(p. v) Preface
(p. v) Preface
9 December 2008 saw the 400th anniversary of John Milton's birth. It also saw the publication of the first instalment of Oxford's Complete Works of John Milton—the 1671 Poems, edited by Laura Lunger Knoppers. A further ten volumes will appear over the next few years. The Oxford Works will be the first complete works since the Columbia edition of the 1930s. While the project is still very much ongoing, the editors of these volumes are already excavating new contexts for Milton's life and work and proposing new interpretations of both the poetry and prose. As well as throwing fresh light on all aspects of Milton's writing, the Oxford Works will have to take account of the huge increase in Milton scholarship over the last fifty years. The rise of critical interest in Milton's political and religious prose is perhaps the most striking aspect of Milton studies in recent times, a consequence in great part of the increasingly fluid relations between literary and historical disciplines. The Oxford Works looks set both to embody the interest in Milton's political and religious contexts in the last generation and to inaugurate a new phase in Milton studies through closer integration of the poetry and prose, in particular some of the prose that has been neglected due to the relative rarity, inaccessibility, and age of edited texts.
The Oxford Handbook of Milton similarly seeks to incorporate developments in what can broadly be termed historical criticism over the last twenty years and to place both the poetry and the prose in a more continuous, unfolding biographical and historical context. Consequently this volume is unusual in the amount of space it gives to discussions of the prose while still aiming to offer wide-ranging, diverse interpretations of the poetry, open to the full range of Milton's aesthetic accomplishment in verse. It is divided into eight sections—three on the poetry, three on the prose, arranged in broadly chronological sequence, while the opening essays explore what we know about Milton's biography and what it tells us, and the concluding essays offer perspectives on Milton's massive influence on eighteenth-century and Romantic writers. Several of the volume editors of the Works have also contributed essays to the Handbook, and they have been encouraged to elaborate on their current research in ways that may not be suitable to the formal strictures of an edition. Topics which are currently attracting the most interest in Milton scholarship are thus to the fore in the essays collected here: liberty, encompassing republicanism, national identity, and gender relations; theology, encompassing heresy, toleration, and biblical interpretation; and the history of the book, encompassing issues of editing, publishing, and readership.

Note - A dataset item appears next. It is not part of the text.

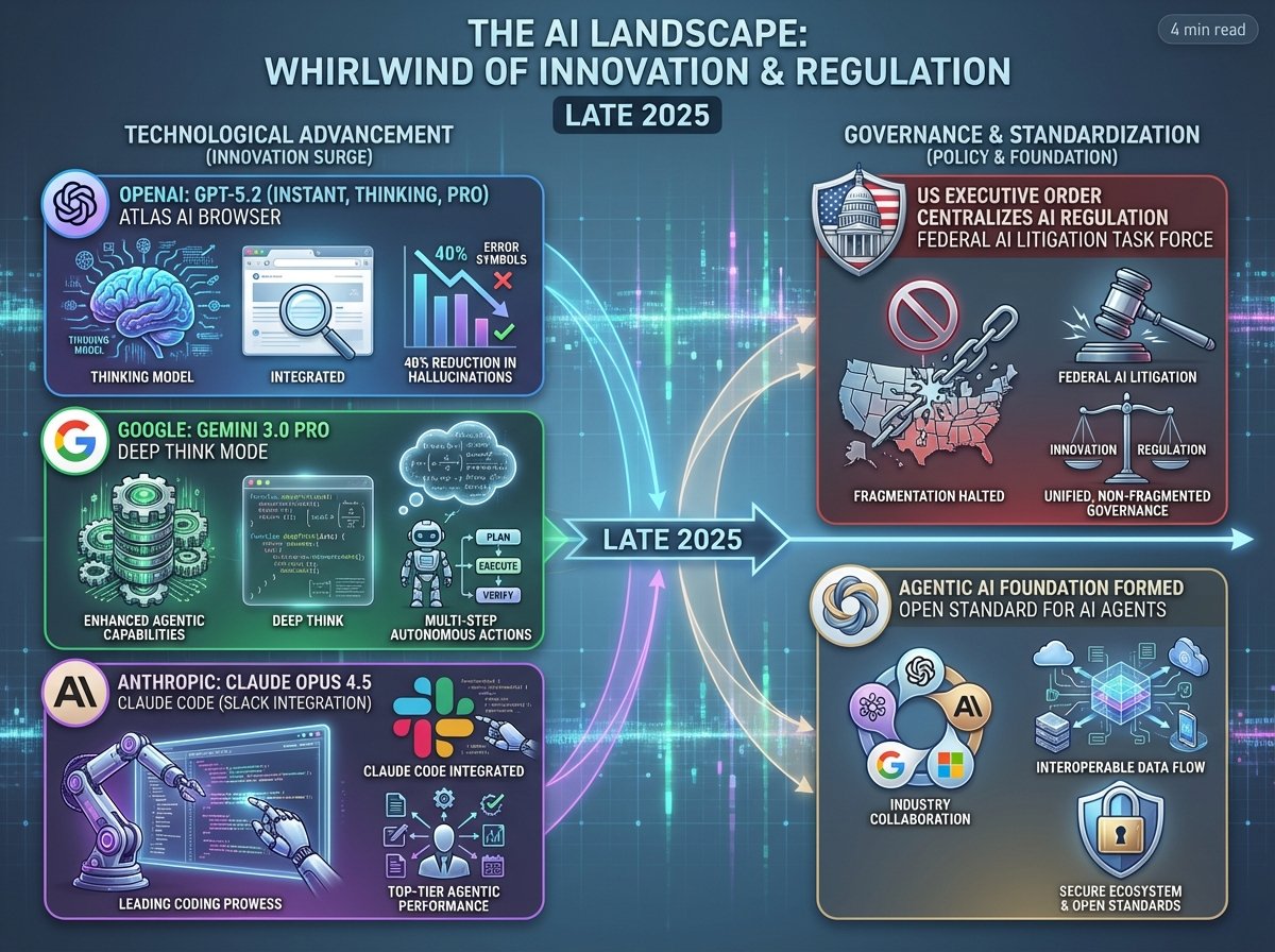 Late 2025 AI landscape: OpenAI, Google, Anthropic released major new models. US government enacted key AI regulations. A...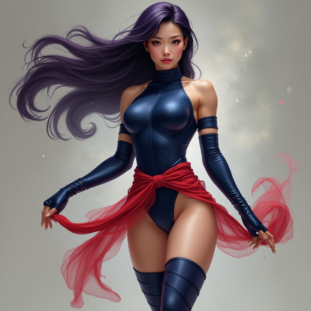 A striking image of a powerful Asian woman with flowing purple hair, clad in a blue leotard with red sash. The artwork features intricate details and textures in an art nouveau style.

(p. vi) But while the space given to discussion of the prose in what follows tends to necessitate engagement with historical context, the contributors, who are based in seven countries and range from veteran Miltonists to relatively new names, were invited with the intention of capturing something of the diversity of critical approaches to the Miltonic canon. Some of the essays on the poetry display the unparalleled virtues of close reading, of exhaustive attention to minute matters of language, form, and rhythm. Yet the rewards of close reading need not be derived only from the verse: essays here illuminate the literary power and intricacy of the prose, in Latin as well as English. Few, however, would deny that the reason why Milton still matters four hundred years on is above all Paradise Lost, and that fact is registered in the eight essays devoted to the epic here. Samson Agonistes has become the most controversial of Milton's works in the light of world events in the last decade and so is given more room in this Handbook than it has found in earlier, less capacious collections.
Of course even thirty-eight essays cannot do justice to the variety and richness of Milton's life, mind, and art. If all thirty-eight essays had been devoted to Paradise Lost, we could still not hope to claim anything like ‘comprehensive’ coverage of the poem; and while we have essays on topics stretching from the Latin verse to the Commonplace Book to the use of Paradise Lost in eighteenth-century gardening manuals, we would like to have found space for greater consideration of, say, Milton's Italian verse, or of the influence of the polemical prose on leading figures of the American and French Revolutions. While we hope that readers find much in the essays below with which they can consent, some will probably discover an approach with which they disagree. It will quickly become evident that the contributors disagree among themselves about how we should read and regard Milton. But that is the point of offering, for instance, four different critical perspectives on Samson Agonistes. The Handbook has been assembled in the spirit of the Miltonic vision of heretical reading in Areopagitica: ‘perfection consists in this, that out of many moderate varieties and brotherly dissimilitudes that are not vastly disproportional arises the goodly and graceful symmetry that commends the whole pile and structure’.
Chapter 3 first appeared in Metaphrastes. Or Gained in Translation: Essays and Translations in Honour of Robert H. Jordan (Belfast Byzantine Texts and Translations, 9; Belfast, 2004); we are grateful to the publisher for permission to reproduce it here. Chapter 26 appeared in Review of English Studies, 59 (2008); we are grateful to the editors for permission to reproduce this article.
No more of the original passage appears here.